Очевидно позабыв о скорбном поводе встречи, гости оживились, у них по-молодому заблестели глаза, все вновь ощутили себя там, на третьем курсе Горного института, когда можно было всё. И курить натощак, и пить портвейн не закусывая, и не думать о последствиях обострения язвы.
Сухинин тоже вспомнил этот случай с пианино в профкоме, но память повела его по другим коридорам ассоциаций, вспоминая как пьяные и осмелевшие щенячьей смелостью глупых третьекурсников, что, едва сдав зимнюю сессию, возомнили себя ветеранами, которым уже все можно, они не понимали, что им еще ничего нельзя, а вот Андрюха Бакланов понимал. И Игорь Пузачёв тоже быстрее всех понял. Кстати, не тогда ли в ту сессию он перевелся на экономический?
Вошла Вероника.
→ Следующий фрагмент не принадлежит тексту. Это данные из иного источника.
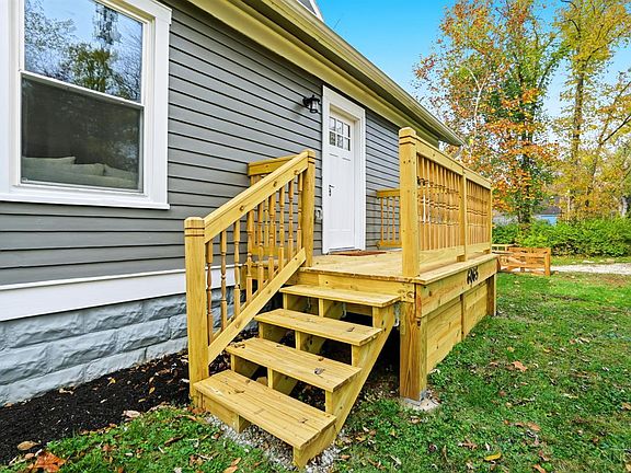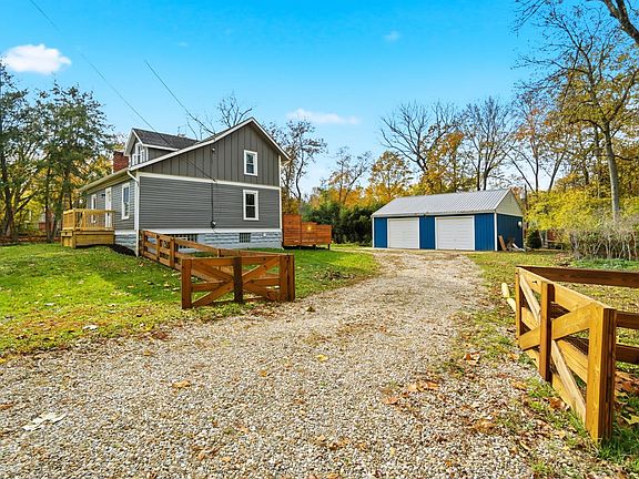 Welcome to 6065 Salem Rd, a beautifully renovated three-bedroom, two-bath bungalow on a quiet, tree-lined lane. Step onto the new front deck and into a sunlit living room with wide-plank floors, recessed lighting, and a painted-brick fireplace. The kitchen features shaker cabinetry, butcher-block counters, subway tile, and new stainless-steel appliances, including a French-door refrigerator. A stylish main-level bath serves two bedrooms; upstairs, a vaulted primary retreat boasts a double-vanity bath and a large walk-in shower. The waterproofed basement provides dry storage, laundry space, and room for hobbies. Outdoors, entertain on the back deck overlooking a fully fenced, park-like yard with a fire pit. A detached two-car garage/workshop with a metal roof offers abundant storage and hobby space, plus easy off-street parking. Fresh, neutral finishes, new HVAC, and thoughtful updates mean you can move right in. Come see it today!

Она не переодевалась, но в её облике появилось что-то новое. Ах, да, она прибрала волосы черной ленточкой! Все-таки дань трауру. Подчеркнуто-важная дань, выраженная в тонкой детали. На поминках она была вся в черном, на девять дней у нее лишь черная ленточка в волосах, а на сорок дней… Если бы Сухинин имел возможность безнаказанно острить вслух, он бы расфантазировался и предположил бы, что на сорок дней из черного на Веронике остались бы только трусики…
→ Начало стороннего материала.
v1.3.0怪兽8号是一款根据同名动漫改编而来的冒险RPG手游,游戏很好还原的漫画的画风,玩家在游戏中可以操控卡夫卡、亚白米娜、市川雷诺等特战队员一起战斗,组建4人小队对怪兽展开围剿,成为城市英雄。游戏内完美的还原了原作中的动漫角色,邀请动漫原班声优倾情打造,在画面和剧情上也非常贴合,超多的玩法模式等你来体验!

Ревниво Сухинин снова заметил, что Митрохин ведет себя совершенно по-хозяйски, чувствуя себя при вдове этаким уже привычным распорядителем бала. Как быстро он вошел однако во вкус! Que fair?* Экстраполировать свою перманентную ревность на Митрохина? И ждать, когда его тоже Кондрашка хватит, как и Пузачёва? Но этак никакого здоровья в организме не хватит, если ревновать Веронику ко всем своим друзьям и знакомым!
А Вероника тоже хороша! Как она мягко подчиняется любому сильному мужчине!
Вернее любому наглому мужчине. Мягкая податливая красота в гармонии с жизнеутверждающим весёлым нахальством.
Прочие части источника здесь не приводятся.